In the listing that follows, find the line with "ラフジュ工房> テーブル> 座卓", then copy exactly from it through the line with "Dag na dag zit", leaving out every picture.

■ **Information supplied**:
-- Opening Marker --

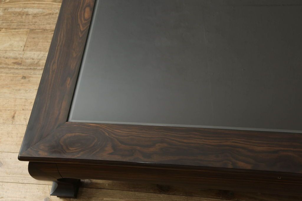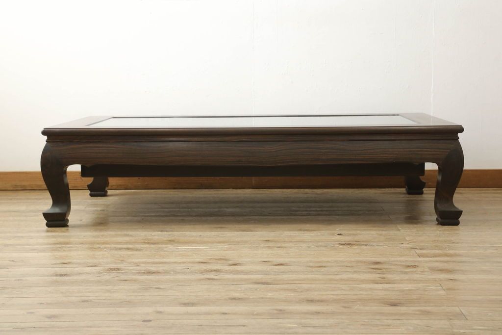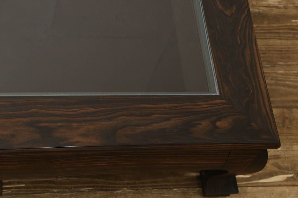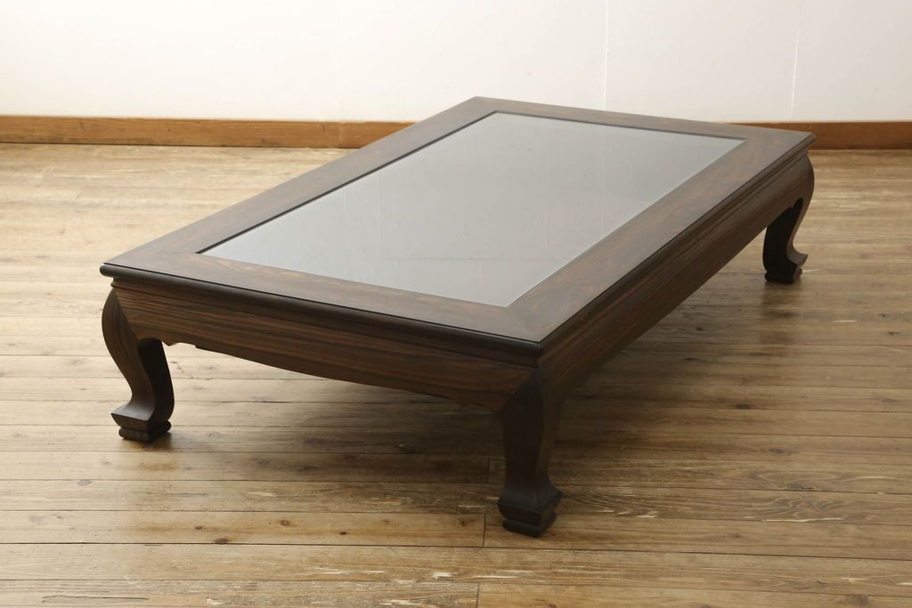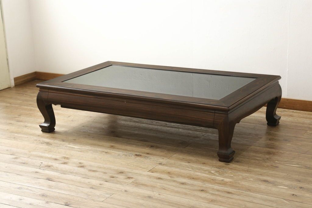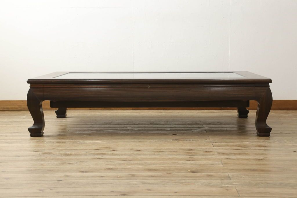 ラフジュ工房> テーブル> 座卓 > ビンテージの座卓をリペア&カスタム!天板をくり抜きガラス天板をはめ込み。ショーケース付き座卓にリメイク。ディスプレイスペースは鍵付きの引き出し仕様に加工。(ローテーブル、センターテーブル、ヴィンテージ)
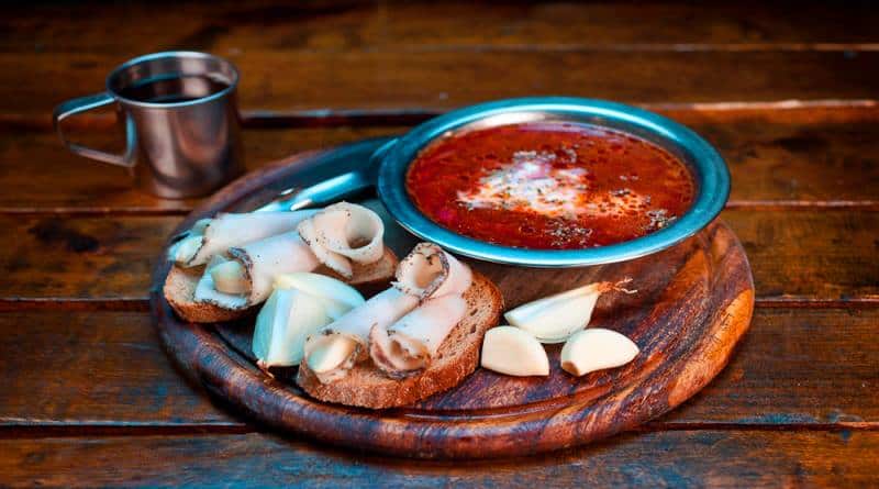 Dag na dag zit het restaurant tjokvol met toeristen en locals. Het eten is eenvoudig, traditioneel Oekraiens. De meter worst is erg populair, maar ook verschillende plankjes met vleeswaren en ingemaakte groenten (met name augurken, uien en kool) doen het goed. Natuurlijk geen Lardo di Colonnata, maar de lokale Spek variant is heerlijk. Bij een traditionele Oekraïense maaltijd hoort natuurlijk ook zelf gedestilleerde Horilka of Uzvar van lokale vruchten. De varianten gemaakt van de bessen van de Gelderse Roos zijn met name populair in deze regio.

-- Closing Marker --
-- Opening Marker --

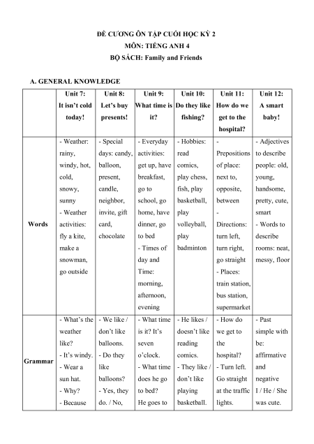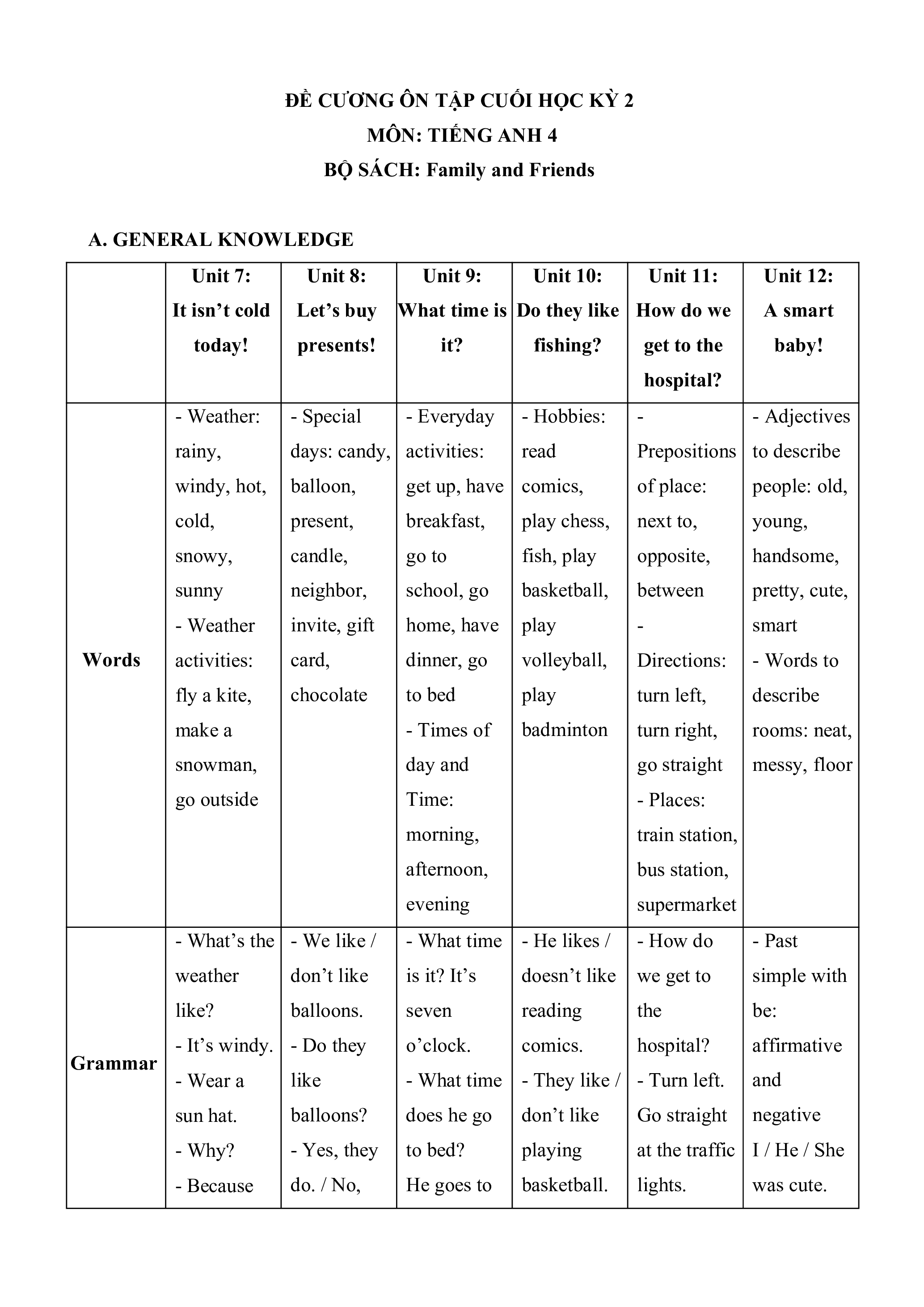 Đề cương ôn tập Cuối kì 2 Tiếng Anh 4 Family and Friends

-- Closing Marker --
-- Opening Marker --

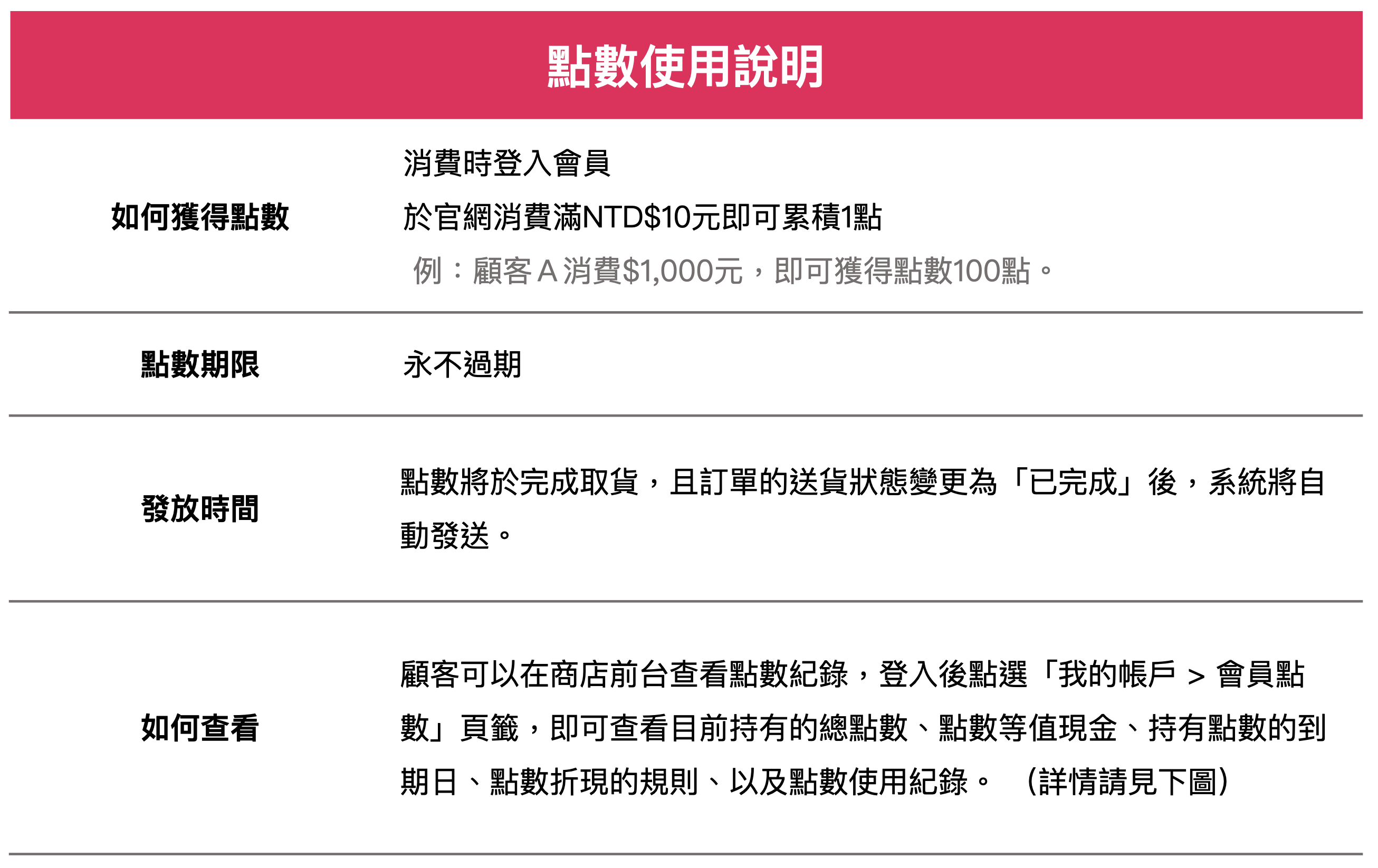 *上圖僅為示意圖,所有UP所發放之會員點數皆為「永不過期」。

-- Closing Marker --

■ **Problem solution**:
 ラフジュ工房> テーブル> 座卓 > ビンテージの座卓をリペア&カスタム!天板をくり抜きガラス天板をはめ込み。ショーケース付き座卓にリメイク。ディスプレイスペースは鍵付きの引き出し仕様に加工。(ローテーブル、センターテーブル、ヴィンテージ)
 Dag na dag zit het restaurant tjokvol met toeristen en locals. Het eten is eenvoudig, traditioneel Oekraiens. De meter worst is erg populair, maar ook verschillende plankjes met vleeswaren en ingemaakte groenten (met name augurken, uien en kool) doen het goed. Natuurlijk geen Lardo di Colonnata, maar de lokale Spek variant is heerlijk. Bij een traditionele Oekraïense maaltijd hoort natuurlijk ook zelf gedestilleerde Horilka of Uzvar van lokale vruchten. De varianten gemaakt van de bessen van de Gelderse Roos zijn met name populair in deze regio.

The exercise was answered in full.